_Data for this exercise_:
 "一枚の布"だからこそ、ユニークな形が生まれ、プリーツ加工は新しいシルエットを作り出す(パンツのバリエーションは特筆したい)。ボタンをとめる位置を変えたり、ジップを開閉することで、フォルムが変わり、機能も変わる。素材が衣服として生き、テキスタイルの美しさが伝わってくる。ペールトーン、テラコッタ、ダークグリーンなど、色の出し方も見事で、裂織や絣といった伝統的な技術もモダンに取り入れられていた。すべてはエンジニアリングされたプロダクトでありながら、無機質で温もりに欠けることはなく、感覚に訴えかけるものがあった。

--

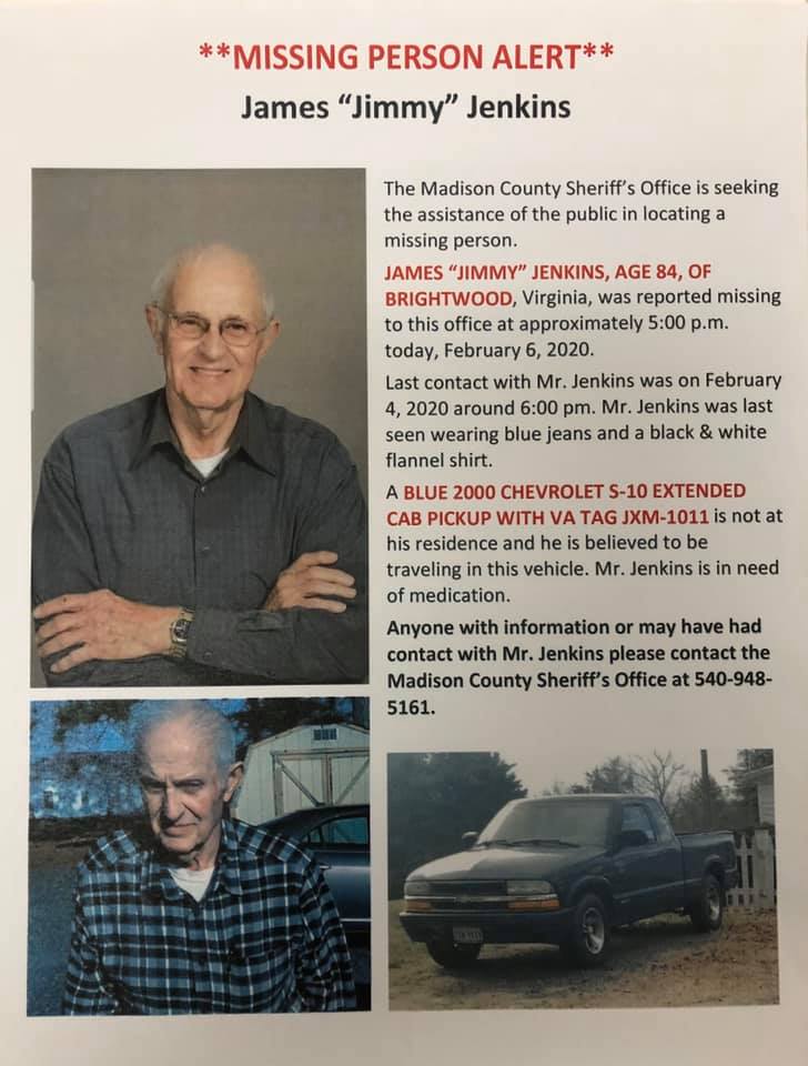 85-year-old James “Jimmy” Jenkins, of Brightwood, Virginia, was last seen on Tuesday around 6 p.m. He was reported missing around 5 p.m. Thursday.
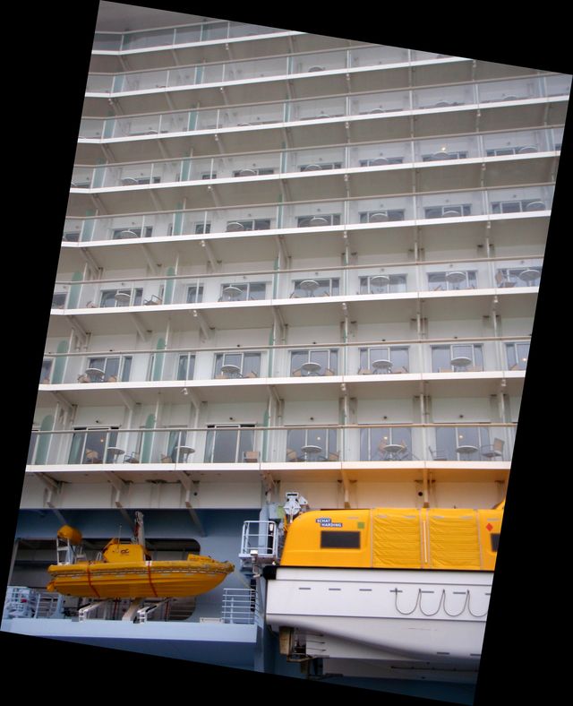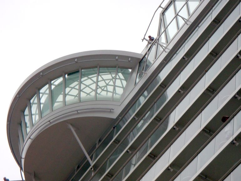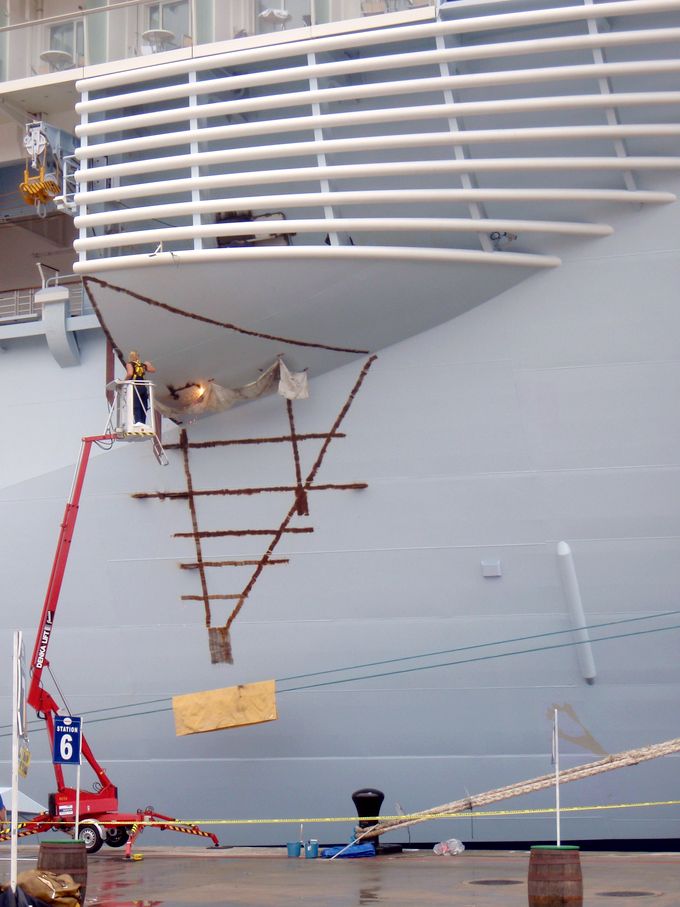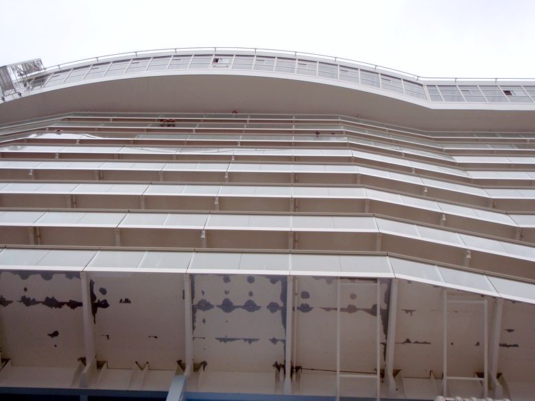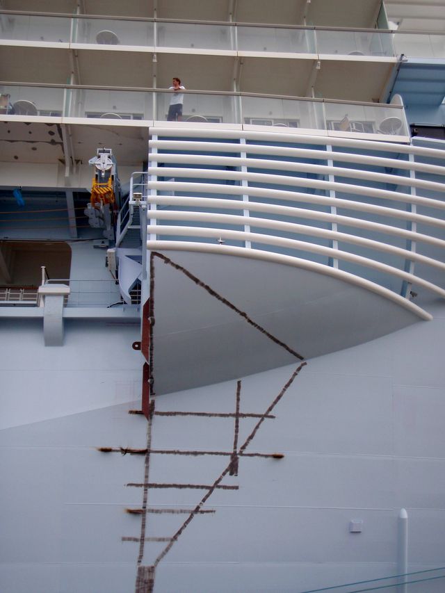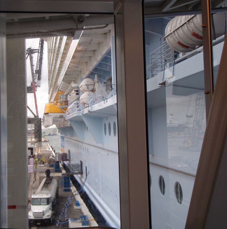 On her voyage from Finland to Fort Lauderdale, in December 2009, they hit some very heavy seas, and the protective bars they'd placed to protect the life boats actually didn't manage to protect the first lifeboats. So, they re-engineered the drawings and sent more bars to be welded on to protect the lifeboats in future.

_Problem to solve_: In the entries above, every line from the line with "5 p.m. Thursday." to the line with "On her voyage" is to be printed exactly, with both ends included and pictures excluded.

_Response to the task_:
 85-year-old James “Jimmy” Jenkins, of Brightwood, Virginia, was last seen on Tuesday around 6 p.m. He was reported missing around 5 p.m. Thursday.
 On her voyage from Finland to Fort Lauderdale, in December 2009, they hit some very heavy seas, and the protective bars they'd placed to protect the life boats actually didn't manage to protect the first lifeboats. So, they re-engineered the drawings and sent more bars to be welded on to protect the lifeboats in future.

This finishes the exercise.